20–17652

Eccentric Henry Eton was the only father Rose had ever known since he had rescued her from the sea sixteen years before. Now at his death, she determines to go to London to make her way alone rather than stay in the little village which is so lonely without him. She is fortunate in London to fall at once into a congenial occupation and among friendly people. Among her new acquaintances is Denis Mallory, a lovable, wayward boy, whose father, Lord Caister, is much worried about the lad. Rose’s sweet spirit and common sense so appeal to the father that he arranges an engagement between Rose and Denny hoping thus to keep the boy straight. They both try to enter into the arrangement honestly altho Rose realizes she is doing it for Lord Caister’s sake rather than for his son’s. But when she comes into a large inheritance Lord Caister’s pride releases her from the agreement, which Denis, by a hasty marriage with an actress, has already made impossible. There is now no barrier between Rose and Lord Caister himself except pride, and that is finally broken down by Denny’s tragic death.


“The heroine is remarkably artless; a little too artless, indeed, to seem real—in this world, at all events. The author’s experience as a writer of eminently readable fiction enables her thoroughly to enlist the reader’s interest in this wild-flower heroine.”

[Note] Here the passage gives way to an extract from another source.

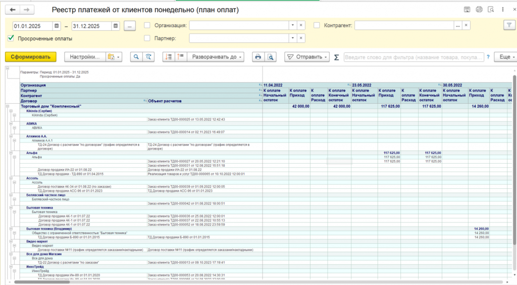 Вариант «Реестр платежей от клиентов понедельно (план оплат)».

+ − Ath p783 Je 11 ’20 110w

“A novel which many girls and women will like.”

+ Booklist 17:156 Ja ’21

“Rose in ‘Rose o’ the sea’ is a sort of female St Francis of Assisi. The novel may help an undiscriminating mind to while away a dull hour.”

− + N Y Evening Post p22 O 23 ’20 70w N Y Times p23 O 24 ’20 350w

“It is a little story sure to delight every lover of impossible romance.”